媚肉の香り

年末に黙々とエロゲを崩すお仕事。こういう作品はやっぱり前情報の有無がどうしても作品の評価を変えてしまう面が存在しますね。
まあ、やってれば彼女がそうであることは自明だとは思うんですが、それでも揺らぎを楽しめないというか、もう一捻りあるのではないか的な読みを自分で無効化してしまうと、想定されている楽しみ方を外しているなという感じはしました。
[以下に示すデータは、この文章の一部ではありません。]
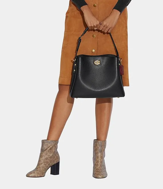 From COACH, the Willow Pebble Leather Shoulder Bag features:

エルフの自力が発揮されてCGやシステムと言った基本スペックは総じて高い。だけど、これは「気付き」のゲームだと思うんですよ。何度かのEDを経て、この物語の焦点に気付いた瞬間の快楽が、この作品の大きな部分を支えている。だから、前情報を持ってやった私にはそれほどでもなかったというが正直なところですが、客観的に頭で逆算したのを想定すると、けっこう面白い作品なんじゃないでしょうか。*1
ゲーム本編をクリアした後のボーナスシナリオを読むと、二人のキャラクターが対として設計されていることが明らかになって、そこは上手いなと思ったりもしたのですが、そうであるなら容疑を彼女にかけた方が物語構成としては美しかったような気はします。*2
この物語の裏の主役である彼女のキャラクターというのは結構ユニークな部類で、私は嫌いではないんですが、つまり本人も無自覚の内に少し分裂しているだとよね。一連の自分語りというのは、万引きして「俺の右手が勝手にやったんだ。」というやつの一種だと私は考えてて、本人が思ってるほど確立した自我が存在するキャラクターではないんじゃないかな。
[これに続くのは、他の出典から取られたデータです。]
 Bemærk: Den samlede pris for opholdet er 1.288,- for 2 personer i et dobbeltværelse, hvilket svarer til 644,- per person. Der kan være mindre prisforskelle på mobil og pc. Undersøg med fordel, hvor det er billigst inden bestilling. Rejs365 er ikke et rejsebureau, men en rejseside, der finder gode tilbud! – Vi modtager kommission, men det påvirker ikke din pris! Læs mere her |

だから実はこの人のハッピーエンドというのはゲーム中に存在しなくて、どのEDでもたぶん最後まで満たされないまま死んでいくんですよ。捕まってなお、自分を見つめ直せていないのがいい証拠。純愛系だったら一つくらい救いを用意してそうなもんですが、さすがというか何というか容赦がありません。そういう意味では日頃やってるゲームとは一味違って、やっぱり面白かったのかな。
私はエロシーンは動かなくてもいいと思うのですが、エルフにしては基本的に穏当なやつしかないのも印象的でした。というわけで無心でやれるならお勧めの作品です。

*1:今からやる人で前情報無しというのは少数でしょうけど。

*2:これはちょっと無茶な要求か。